As Jones points out, magic is so integral to the Dream that her own pyrotechnics are almost secondary, and those pyrotechnics will largely be concentrated in the hands of Oberon, whom she regards as almost psychopathically controlling. In her view, his theft of Tytania’s beloved Little Indian Boy is a moral outrage: ‘Normally I regard the fact that I’m a female director as totally irrelevant, but I see no charm in a “happy” ending where a man can manipulate a woman to such a degree that he steals her adopted son after drugging her – especially as she was so close to the boy, whose mother had died.’ So in this reading, unlike in Britten’s libretto where Oberon keeps the boy for himself, Tytania gets him back.

Jones’s projected imagery for this staging will reflect back on the hall itself and its environs. Snape was one of the first Victorian industrial buildings to be transformed into a cultural space – it was built for the malting of barley, as the first stage in the brewing of beer – but it’s still surrounded by relics of the old machinery. And photos of the original workers are in Jones’s view so redolent of the rough sons of the soil in Shakespeare’s play that they have furnished ideas for the staging. With images filmed in and around Snape – and those of its buildings which are still unconverted – this production will turn on the visual contrast between the rusty and rustic on one hand, and the magical cleanness of the projected world on the other. And the fairies will merge with their arboreal background: dotted through the reed-beds of Snape are little oases of woodland which have remained untouched for centuries, and Jones has photographed these in the dreamy style of the first Victorian nature-photographers.
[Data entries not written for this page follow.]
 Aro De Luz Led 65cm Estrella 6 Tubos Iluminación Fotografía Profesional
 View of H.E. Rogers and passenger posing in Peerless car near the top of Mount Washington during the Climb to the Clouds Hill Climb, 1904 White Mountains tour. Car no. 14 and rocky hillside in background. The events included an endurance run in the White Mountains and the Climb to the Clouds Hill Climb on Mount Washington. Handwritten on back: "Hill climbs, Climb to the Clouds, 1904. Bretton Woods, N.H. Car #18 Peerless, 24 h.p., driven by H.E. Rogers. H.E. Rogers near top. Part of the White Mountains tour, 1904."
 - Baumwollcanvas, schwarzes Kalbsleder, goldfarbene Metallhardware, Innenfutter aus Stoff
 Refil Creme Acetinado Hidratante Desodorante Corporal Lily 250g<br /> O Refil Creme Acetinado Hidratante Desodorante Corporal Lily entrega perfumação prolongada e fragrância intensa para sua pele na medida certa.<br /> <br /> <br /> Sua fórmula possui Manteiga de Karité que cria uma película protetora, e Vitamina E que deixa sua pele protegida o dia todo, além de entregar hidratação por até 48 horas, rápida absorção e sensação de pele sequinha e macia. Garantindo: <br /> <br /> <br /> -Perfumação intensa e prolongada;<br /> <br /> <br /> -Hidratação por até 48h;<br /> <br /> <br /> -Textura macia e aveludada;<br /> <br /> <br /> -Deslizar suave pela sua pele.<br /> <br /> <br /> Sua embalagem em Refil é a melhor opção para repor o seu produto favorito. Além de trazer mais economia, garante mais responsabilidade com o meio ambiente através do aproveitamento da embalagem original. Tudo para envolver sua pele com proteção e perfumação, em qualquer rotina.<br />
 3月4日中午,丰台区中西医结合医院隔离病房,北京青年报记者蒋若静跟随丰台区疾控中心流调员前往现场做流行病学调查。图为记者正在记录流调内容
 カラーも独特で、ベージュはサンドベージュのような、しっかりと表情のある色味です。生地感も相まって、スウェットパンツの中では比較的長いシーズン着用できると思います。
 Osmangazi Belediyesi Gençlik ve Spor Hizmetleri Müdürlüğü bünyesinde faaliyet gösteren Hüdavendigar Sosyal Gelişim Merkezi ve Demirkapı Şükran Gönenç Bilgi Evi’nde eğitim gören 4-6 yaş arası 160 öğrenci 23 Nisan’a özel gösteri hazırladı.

And fifty years after Britten’s dream of converting this hall for concert use became a reality, the whole Snape Maltings complex is currently embarking on a new era. Outlined by Roger Wright, its chief executive, the plan is to develop the already-existing activities at Snape to form a creative campus functioning all through the year. All the strands of the Aldeburgh Festival – from artistic residencies to a healthcare section specialising in dementia treatment – will be expanded.

Access will still be arduous, whether by car, train, or taxi, as Aldeburgh is both metaphorically and literally a world apart. But that is its magic – as it was when Britten and his partner Peter Pears first set up this festival on the bleak and windswept Suffolk coast, shortly after the end of the Second World War.